From Autumn in Japan, and on the way back to California Taka and I go to lay over in Hawaii, at Eiko and John Cusicks. (Thanks Marley~ we got to rest our heads in your space!)

Our first day in Honolulu we got to relax at J&E's until they came home later from work.
These were the munchies I found in the fridge! Natto with egg whites, KARASHI, sauce and beer...to keep me until dinner time, while Taka napped!
John and Eiko took us out to the University's "arboretum?" We went on a little hike through the lush forest.




The grounds were so wet. Yes, Hawaii. Where I remembered it could rain at least once a day. And rainbows aren't such a big deal.
This thatching for the roof reminds me so much of Japan
I have done a double take a number of times upon seeing these photos and thinking they were taken in Japan. Out in the Japanese Alps of Nagano, or in Gifu that I used to see.

John and Eiko... Eiko was the first foreigner we met a week after arriving in Japan. I love the story. Motohiko and I were walking with a stroller carrying Naomi who was 5 1/2 months old, and
Ischin was 2 1/2. Motohiko, with his big beard and long wavy hair, with John Lennon glasses, and me in my hippie skirt... Eiko jammed on her bicycle brakes by us and exclaimed "WHERE ARE YOU from???" Because those days, there were only seven foreigners in our town. And all of them worked at the one English school in town. We got to meet John not long after.
Eiko's brother looks much like Motohiko~ that's what blew her away too. We all became great friends. Eiko was at Sheon's birth, and then also when Zen was born. (Both- right Eiko?! There were so many people!!!)
Well, now, back in Hawaii, Honolulu. Eiko with her daily allowance of ONIGIRI.
And a little later we got to make GYOZA together
cabbage sliced well, grated carrots, NIRA (skinnier than green onions), grated ginger and garlic, and I like tofu and cheese. Lots of people put in pork.
Then steamed or sauteed~ oops, no pic of the final result. Oh, yes, Americans call them POT STICKERS.
We were on our way, for the first time to Diamondhead, along with the very, very many other tourists.
up, up, up and away~
I felt more and more nervous way up there.
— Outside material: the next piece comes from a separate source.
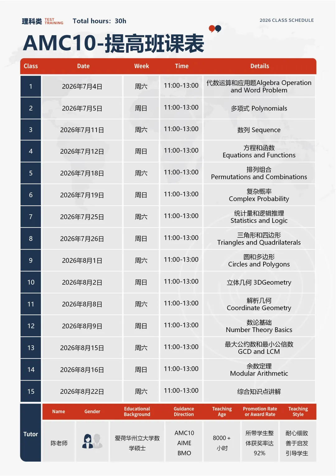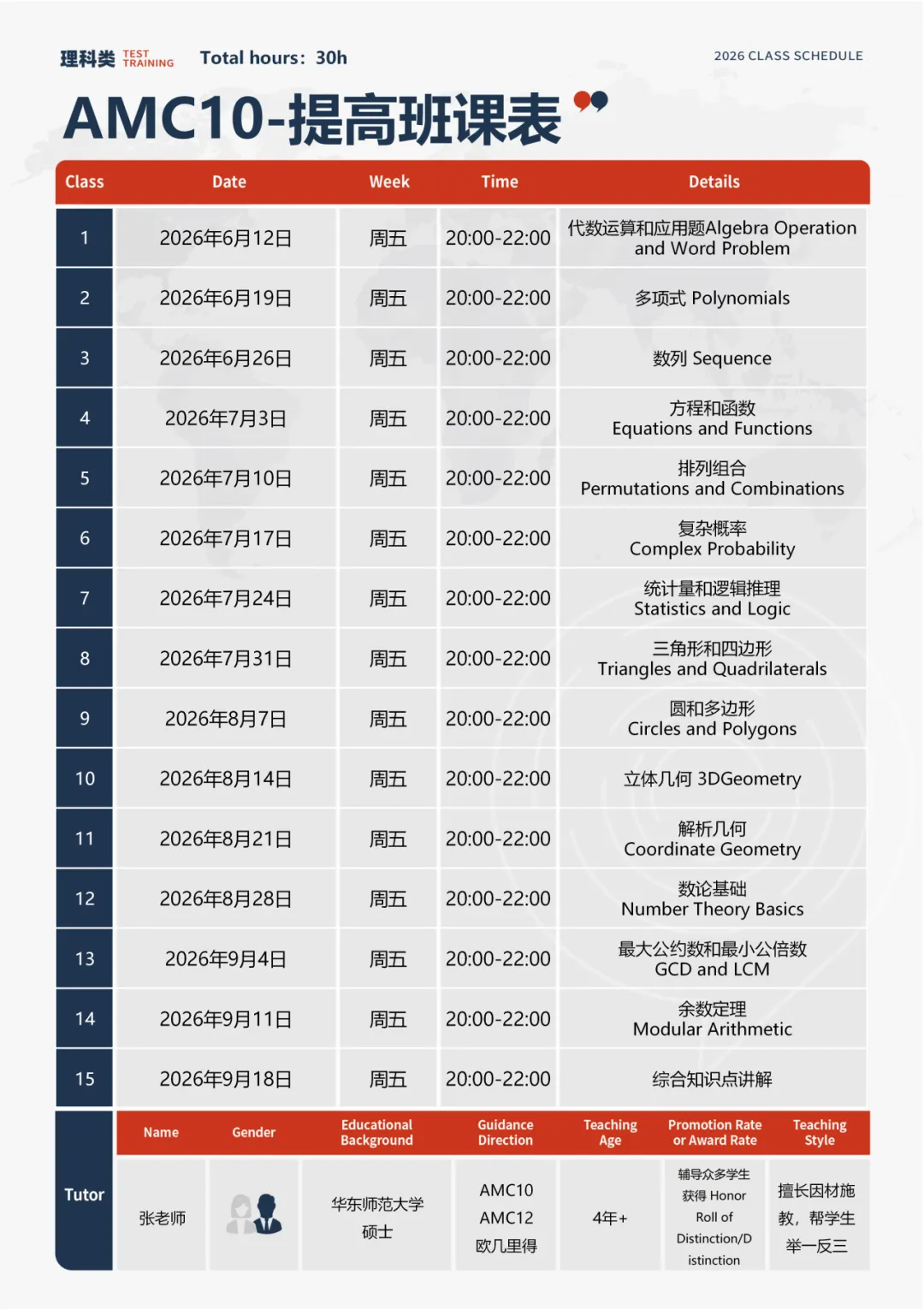 全程班:适合低年级或基础较差的学生参加完辅导可以参加当赛季AMC。

But it really was spectacular!
There was another reason we really wished to make this trip.
Eiko and John had met me when our lives got started in Japan in the Fall of 1986.
Here we were, in 2013, 27 years later, having finished moving out of Japan,
and the first people we get to meet are Eiko and John.
This day up Diamondhead was to get to that peak and~ say a prayer. It's been a long, sometimes hard, haul. But with all these people, friends, family along the way, we can breath a sigh, and give thanks in a big time sort of way.